Fried donuts like the ones in the bar!


The famous donuts fried with sugar, good, soft and fragrant like the ones you eat for breakfast in bars! Our recipe does not include the addition of potatoes, but you will still be able to obtain really soft and plump donuts. They are created by hand without the use of molds, they have a hole and will not have the perfect shape. They are prepared with a soft dough, versatile for both sweet and savory dishes, the same one we used for the Sicilian rotisserie. These fried donuts without potatoes, loved by adults and children, can be enjoyed for breakfast or as a mid-morning break. There is nothing more delicious than eating them hot.

RECIPE

Scope Breakfast, leavened
Total time 1 not 15 minutes
  • 1 kg 00 flour with 11% proteins alternatively Manitoba flour
  • 500 ml water
  • 100 g lard soft, ointment-like
  • 25 g fresh brewer's yeast or 7 g of granular yeast
  • 1 walnuts burro to grease the bowl
  • 120 g sugar
  • 14 g sale
  • granulated sugar to taste for the breading
  • peanut oil to taste for frying

It will also serve you

  • burro q.b. for the work surface
  • You can work the dough by hand or with the help of a planetary mixer. Dissolve the yeast together with the water and sugar. Mix until everything dissolves.

  • Add the sifted flour, add the lard and knead with the hook for about 10 minutes at a medium-high speed. Almost at the end, about 3 minutes before the end, add the salt.

  • As soon as you have finished, transfer the dough to a work surface greased with butter and knead with your hands, in order to give more strength to the dough. Make some folds, rotate and continue for a few more turns.

  • Work it with your hands until you obtain a smooth and elastic ball. Pilate and transfer it to a large bowl greased with butter, cover it with cling film and let it rise in a warm environment until it doubles in size, it will take about 1 hour and a half – 2 hours. I recommend leaving it inside the turned off oven.

  • At the end of the leavening, remove the dough from the bowl and divide it into pieces. The weight varies according to the size you want to obtain: 100 g large, 70 g medium, 40 g small.
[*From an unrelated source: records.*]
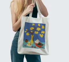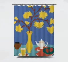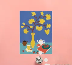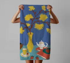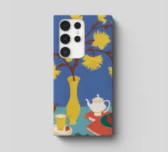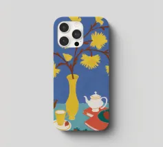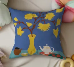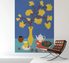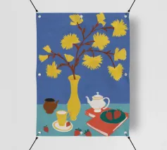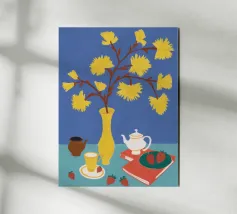 Natura morta di un bouquet di fiori gialli in un semplice vaso, appoggiato su un libro accanto a una teiera bianca. La composizione su uno sfondo blu intenso è classica, intellettuale e splendidamente serena.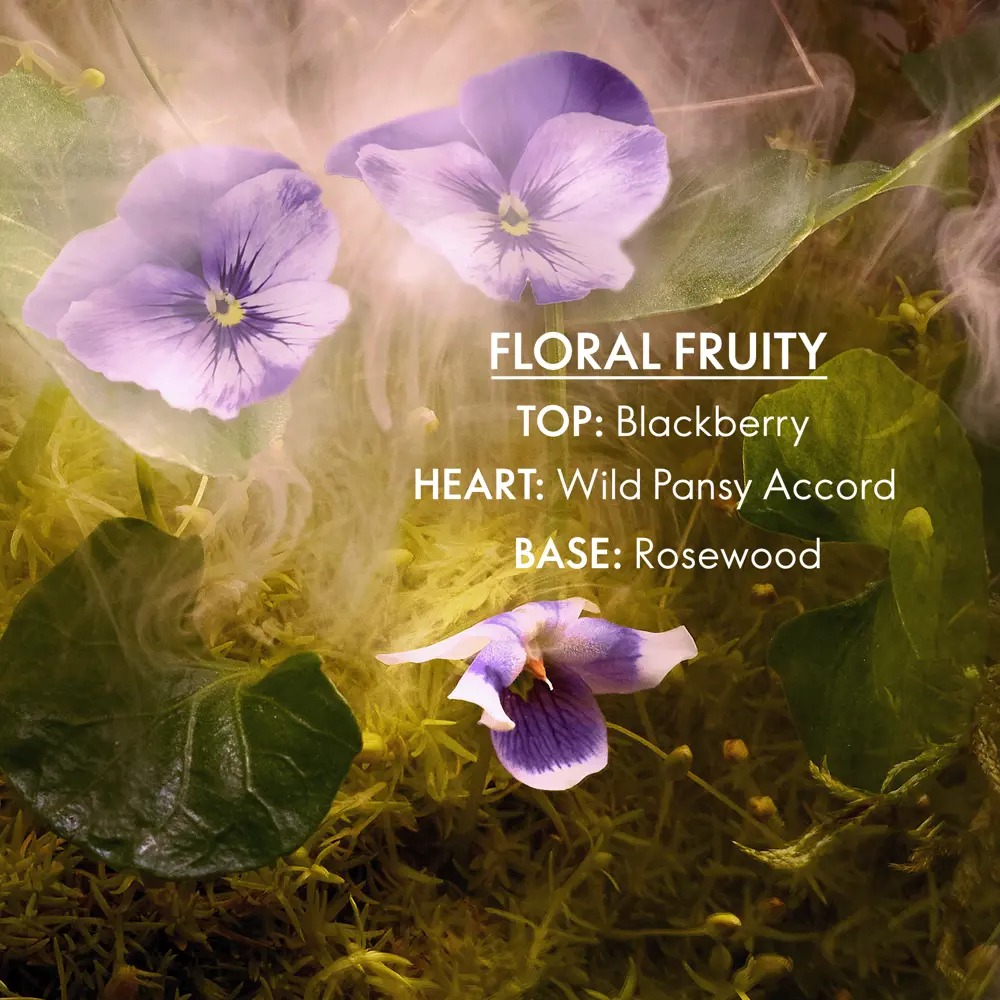 A magical Eau de Toilette experience awaits you with the fascinating violet bouquets of delicate Wild Pansy Violet intertwined with velvety dark forest fruits. This dreamy feminine scent, fascinating and mysterious, will take you to the fairy world.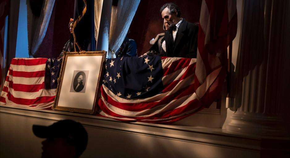 等到全场因为剧情而大笑的时候,布斯冲了进去,开枪击中林肯头部,布斯高喊「这就是暴君的下场!,南方的大仇已报!」,然后往外匆忙地跑。林肯在生死边缘痛苦徘徊了几个小时,最终还是离开了人世。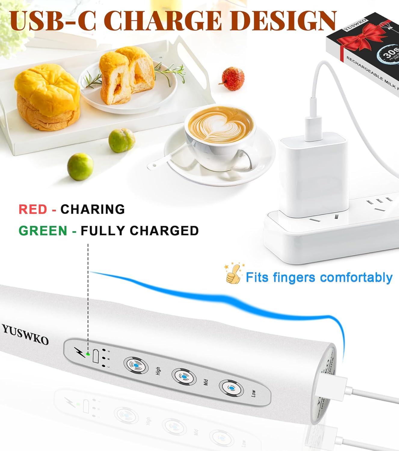 YUSWKO Milk Frother Handheld for Coffee, Rechargeable Drink Mixer with 3 Heads 3 Speeds Electric Coffee Frother Whisk, Gift for Many Occasions and Festival

  • Form balls with your hands, give them a final shape by piling them on the work surface and place them on a tray, one away from the other. In the meantime, while you are going to work on them all, I recommend covering them with transparent film to prevent the surface from drying out.
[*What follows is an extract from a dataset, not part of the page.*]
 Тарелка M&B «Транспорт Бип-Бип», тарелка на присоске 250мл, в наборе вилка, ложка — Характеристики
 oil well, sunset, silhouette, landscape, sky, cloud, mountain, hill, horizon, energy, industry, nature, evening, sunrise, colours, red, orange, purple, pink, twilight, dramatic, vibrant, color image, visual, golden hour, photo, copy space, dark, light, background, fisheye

  • The time has come to make the central hole: with a finger, make a hole in the center of the ball and, with the help of your two thumbs, widen the hole. Make room for it: it will tend to shrink as it rises. Arrange the donuts on a baking tray on baking paper, spacing them apart.

  • Cut the baking paper around each donut, it will help not to mistreat the leavened product too much during frying.
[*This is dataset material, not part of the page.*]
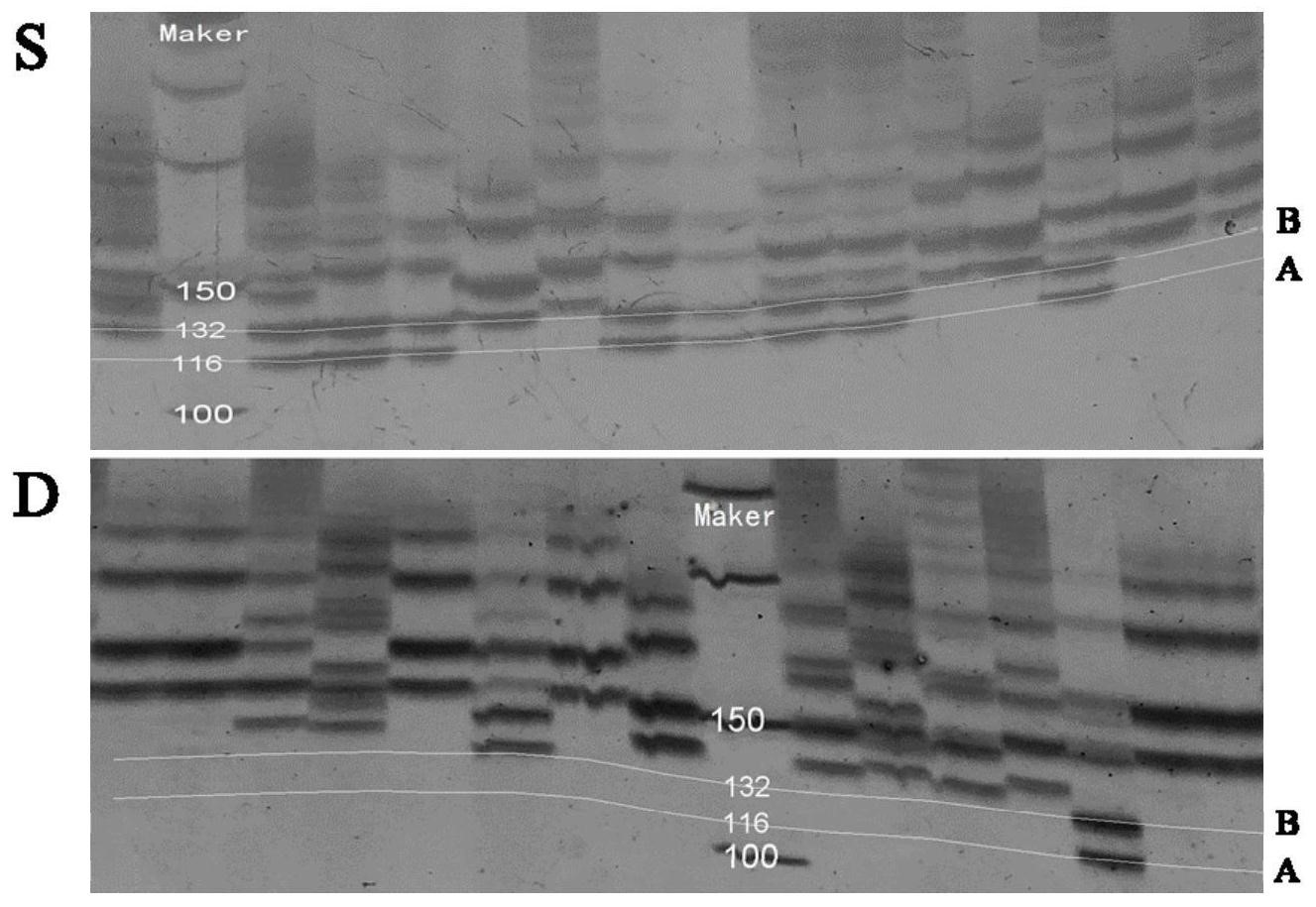 本發(fā)明涉及一個與紅鰭東方鲀耐低溫相關(guān)的微衛(wèi)星標記及其應(yīng)用,屬于魚類DNA標記技術(shù)與應(yīng)用領(lǐng)域,具體涉及紅鰭東方鲀耐低溫分子標記的篩選,以及利用標記進行分子標記輔助育種。利用BSA?SSR技術(shù)篩選到1個與紅鰭東方鲀耐低溫相關(guān)的微衛(wèi)星標記(fms108),其引物序列為正向:AACATGCGACAGAACTGACTG,反向:TCCACAGCCAATGTTAATGG。根據(jù)此標記可以進行育種親本的選擇,從而提高后代的耐低溫性能。

  • Cover with cling film and leave to rise for another 30 minutes, until doubled in size.

  • When they are going to be fried, dip the donuts in the oil with all the baking paper. After a few seconds, remove the paper.

  • Fry in plenty of hot oil, around 170°C. Let it cook for 2 minutes on each side. Drain them on absorbent paper and while still hot, pass them in plenty of granulated sugar.

For covering with sugar I recommend two methods: the first consists of passing the still hot donuts into a container full of sugar; the other is to use a paper bag with 6-8 spoons of sugar inside, inserting 2-3 donuts and shaking everything.